City police Chief Brian Kilcullen was running up and down the court, refereeing Lind’s game.
“You’re able to develop a relationship outside of a typical police officer-resident relationship,” Kilcullen said at halftime, catching his breath. “You’re able to develop a friendship, almost, a familiarity. It tends to pay dividends when you’re actually out there in your official capacity.”
Shekinah Belmar, 26, of Schenectady, one of the only female players Saturday, said she liked seeing the chief “in this position.”
“It’s nice to show police officers in this kind of light,” she said.
Belmar was one of 42 people on six of the league’s seven teams to play Saturday.
“I’m really enjoying myself,” she said. “I love that I’m doing this.”
Rosa Rivera, 23, who started the league, said the goal was to bring police officers and residents together “in a collaborative environment, instead of a conflict environment.”
She said she would like to see more police officers play in coming weeks so each of the league’s six teams can be joined by at least one officer.
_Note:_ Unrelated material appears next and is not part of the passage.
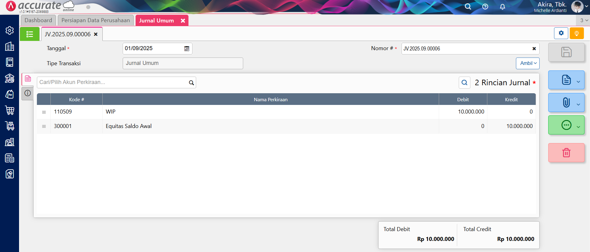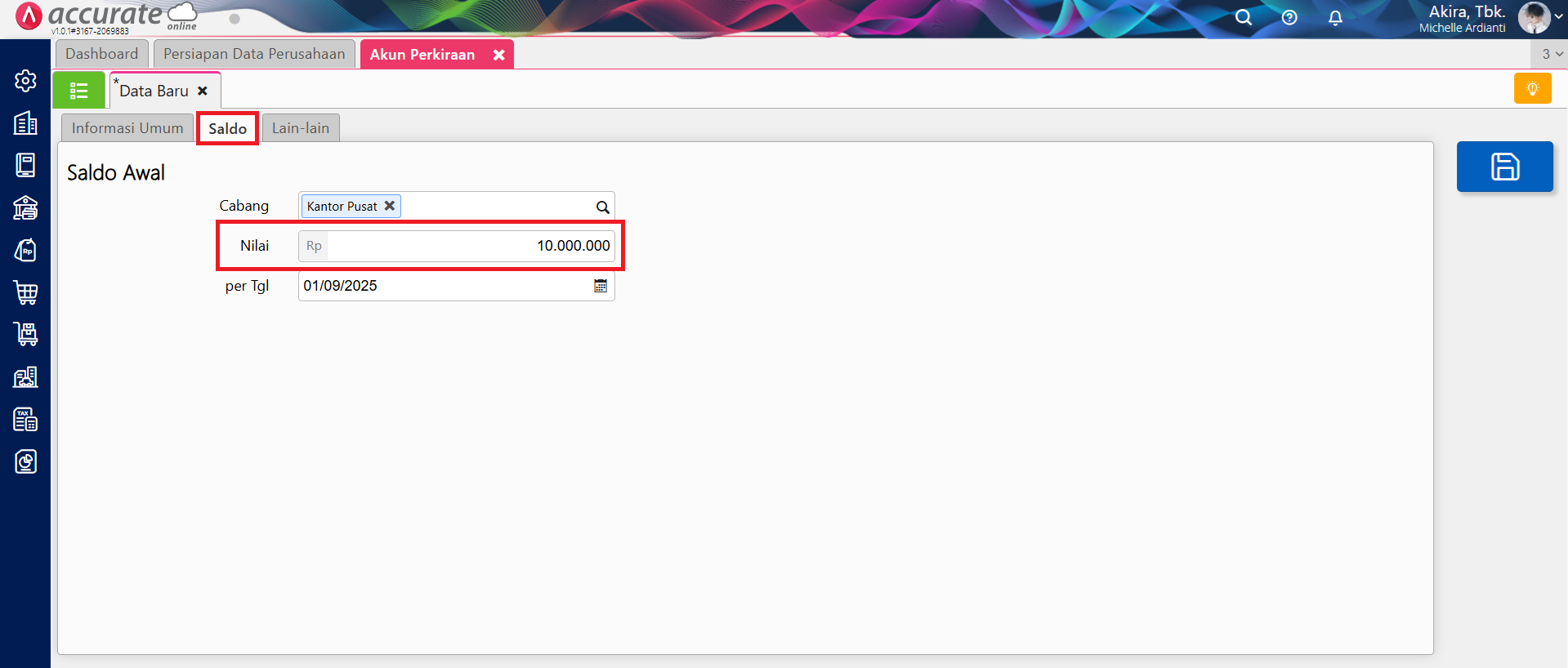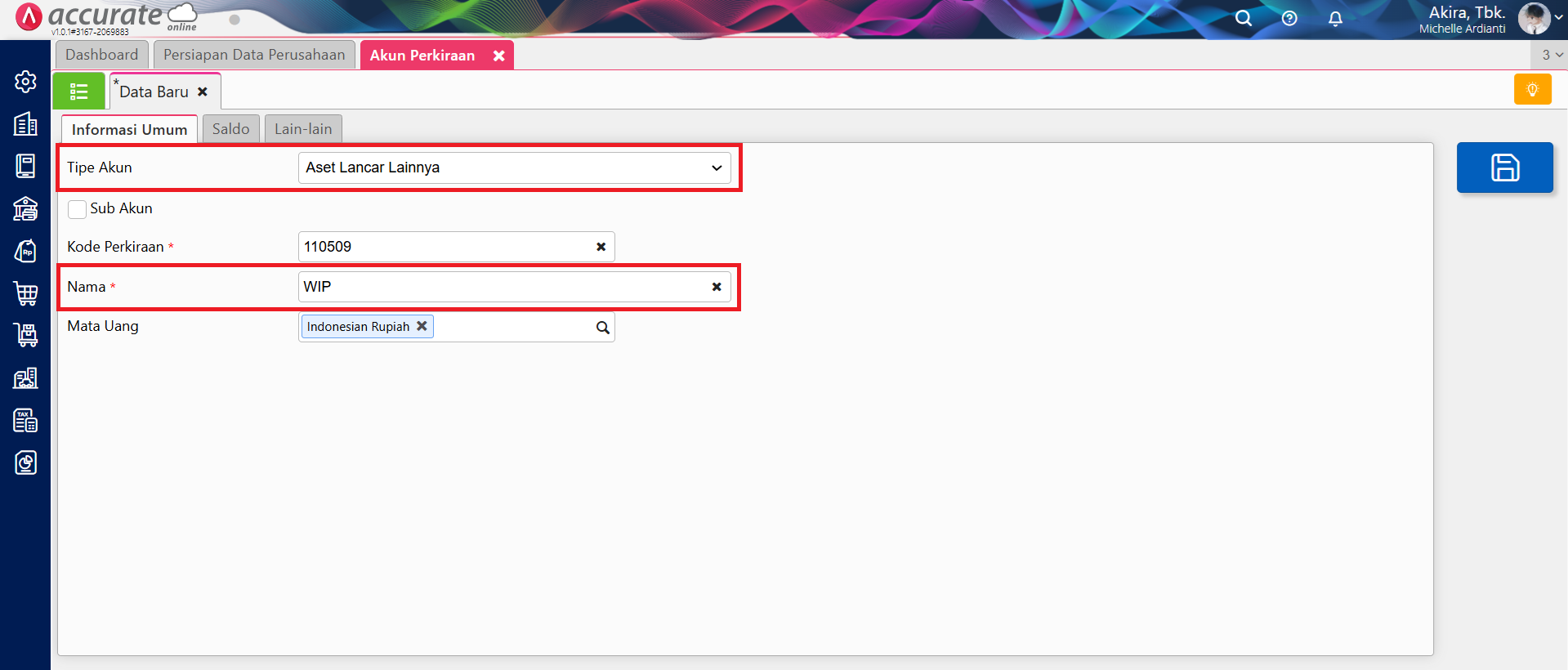 1. Membuat Akun Perkiraan Baru sebagai akun penampung, dengan tipe akun ‘Aset Lancar Lainnya’ dan Nama Akun yang sesuai, misalnya WIP. Kemudian, isikan nilai saldo akun Persediaan Dalam Proses tersebut pada tab Saldo, lalu klik Simpan.

Only Detective Sgt. Ryan Macherone and Officer Joe Gatta played Saturday, but an officer in training, James Plowden, coached one of the teams.
“If we could get more officers, it would show residents that the officers are willing to come out and play basketball with them, to support them, to be a part of their community,” said Rivera, who heads Hamilton Hill’s Come Unity Alliance, which sponsors the league, along with the Schenectady YMCA.
Macherone, 36, and Gatta, 29, stretched on the sidelines in preparation for the next game.
“We play sometimes Sunday mornings, and my goal is to not have to guard him,” Macherone said. “I want to stress the age difference.”
Macherone said the event helped him bond with community members, something that can be difficult in the line of duty.
“It’s hard to create a bond when you’re there at the worst times in people’s lives,” he said.
Dennis Green, chairman of the Schenectady YMCA’s Boys Day Out program, assistant director of the Washington Irving Education Center in Schenectady and the coach of Lind’s team Saturday, said the event also showed him “as a normal person, just like you guys.”
“I grew up in the same place you did,” said Green, who was raised in Albany’s Arbor Hill neighborhood.
Green watched as one of his players stole the ball and passed to a sprinting Lind, who made the layup with a defender’s arms wrapped around him. After sinking the free-throw — his 18th point — he finally got to catch a breather on the bench.
“I think it’s great,” he said of the league. “Good for the ’hood.”